It is a tragic irony that those who served their entire lives ensuring the security of the nation have now been threatened with loss of their well deserved pension even if they were to merely speak about their areas of expertise gained over decades of experience.
That the Modi government would bring in a harsh amendment to the pension rules prohibiting retired officials of intelligence as well as security organisations from publishing anything pertaining to their workplace is a blow to their patriotic credentials.
Memoirs and More
Over a long time, former intelligence and police officials have come out with memoirs and more – some interesting, some jarring – detailing their career graph and how situations they faced could have been handled differently. Books, memoirs, articles and lectures by retired officers often provide immense wisdom that helps with either course correction required by the organisation they served or with the national planning needed for future growth.
As a former Intelligence Bureau official pointed out, no one from the security establishment ever reveals what indeed are state secrets; even if they are alluded to, it is done with a lot of cautious camouflage. In any case, the number of intelligence, police and retired civil servants writing their memoirs or work experience would be a miniscule percentage of the total workforce. The rest keep their lips sealed – a trait they embrace early on.
While ordinary Indians cannot claim to know the big picture, it is doubtful if the writings of any of the retired officers has caused any harm to national security or even seriously embarrassed the establishment.
The latest amendment threatens to withdraw or withhold pension if retired officials publish without clearance anything about their organisation, its personnel and the expertise or knowledge gained in that organisation or any sensitive information which could derail the nation’s interests or ties with other countries.
The blanket ban has triggered resentment in the intelligence-police community. One reason is the government has given the distinct impression that the same officials who held so many secrets in their heads while in service cannot be trusted with the same secrets once they are retired.
The amendment applies to those who worked for the Intelligence Bureau, Research and Analysis Wing, Directorate of Revenue Intelligence, Central Economic Intelligence Bureau, Enforcement Directorate, Narcotics Control Bureau, Aviation Research Centre, Special Frontier Force, Border Security Force, Central Reserve Police Force, Indo-Tibetan Border Police, Central Industrial Security Force, National Security Guards, Assam Rifles, Special Service Bureau, Special Branch (CIB) of the Andaman and Nicobar Island, Crime Branch-CID-CB of Dadra and Nagar Haveli and Special Branch, Lakshwadeep Police.
“The restrictions are draconian and most uncalled for,” said a former RAW official who has authored books. “It is not only about books but also restricts publication of articles, giving interviews and speaking at public forums.
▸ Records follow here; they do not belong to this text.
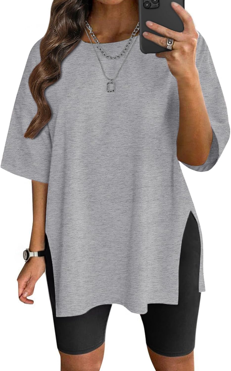 VNIRA Plus Size T Shirt for Women Oversized Cotton Short Sleeve Workout Top Loose Fit Side Split Casual Basic Tunic Top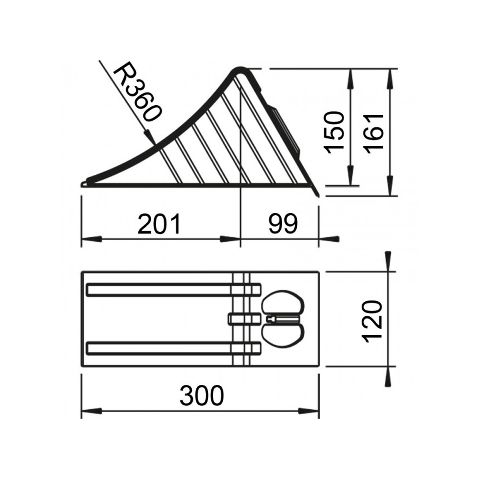 AL-KO UK 36 Unterlegkeil, 120 x 300 x 161 mm, Radlast 1600 kg, Metall verzinkt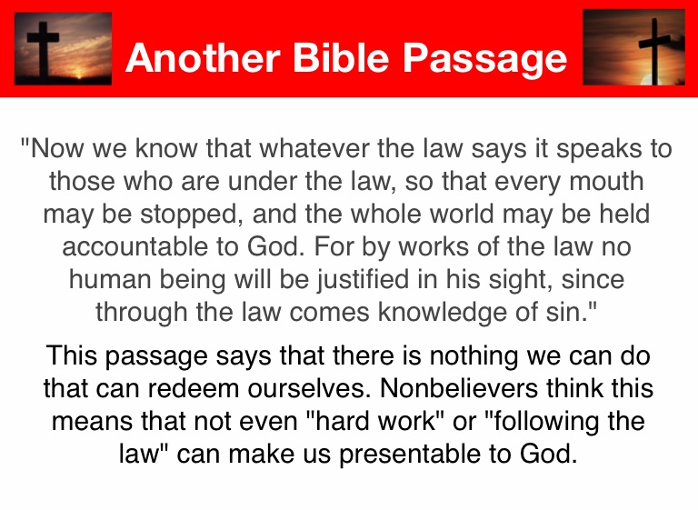 This passage says that there is nothing we can do that can redeem ourselves. Nonbelievers think this means that not even "hard work" or "following the law" can make us presentable to God.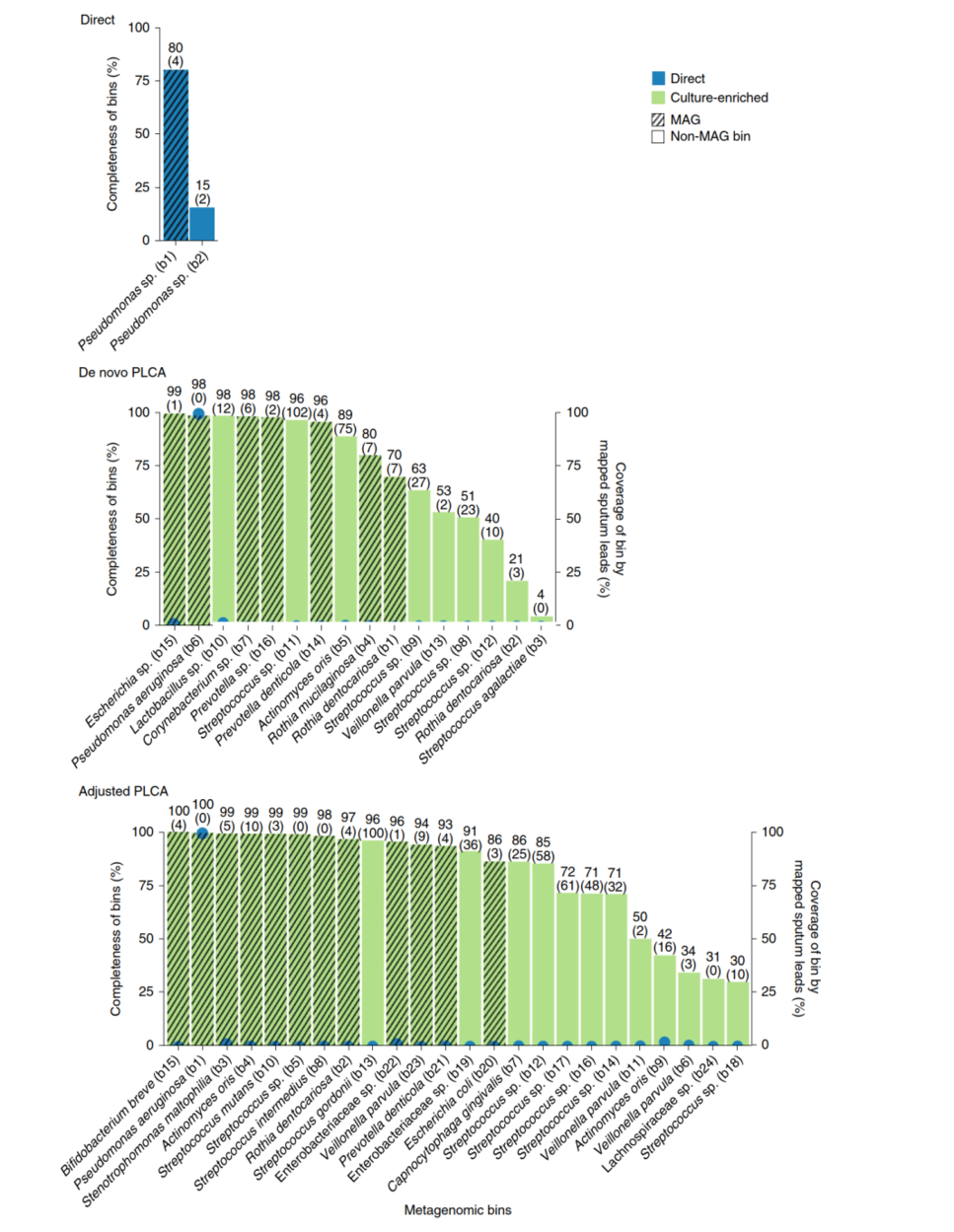 作者將擴(kuò)增子測(cè)序與富集培養(yǎng)宏基因組測(cè)序相結(jié)合研究人類微生物群落。以肺囊性纖維化為例,平均培養(yǎng)了82.13%的可操作分類單元(OTUs),占痰液樣本直接測(cè)序所鑒定的相對(duì)豐度的99.3%,更重要的是,與直接測(cè)序相比,富集培養(yǎng)方法鑒定的OTUs多了63.3%。作者開發(fā)了平板覆蓋算法(PLCA),以確定富集培養(yǎng)平板的代表性子集,從而在該子集上進(jìn)行宏基因組研究。與不依賴培養(yǎng)的方法相比,可以恢復(fù)更多的物種多樣性(包含更好的低豐度物種的組裝基因組,MAGs),更長(zhǎng)的重疊群和更好的功能注釋結(jié)果。PLCA算法也可以應(yīng)用于此前發(fā)布的腸道菌群數(shù)據(jù)集,富集培養(yǎng)分子圖譜可以更好的了解微生物菌群在人類健康和疾病中的作用。

God knows what has prompted them to issue such a notification.”
Said an ex-Intelligence Bureau officer who has not done any writing since his retirement: “We know the value of secrets and we have served the country loyally for decades. We have taken risks while chasing and catching anti-national elements. As it is, our work is all anonymous and we do not get or expect any publicity. But why issue such a sweeping order?”
Interestingly, the amendment to the pension rules does not cover the armed forces whose retired officers too have authored many books and who comment, orally or otherwise, about a range of military issues directly affecting India. Is there a reason only the intelligence-police community has been targeted?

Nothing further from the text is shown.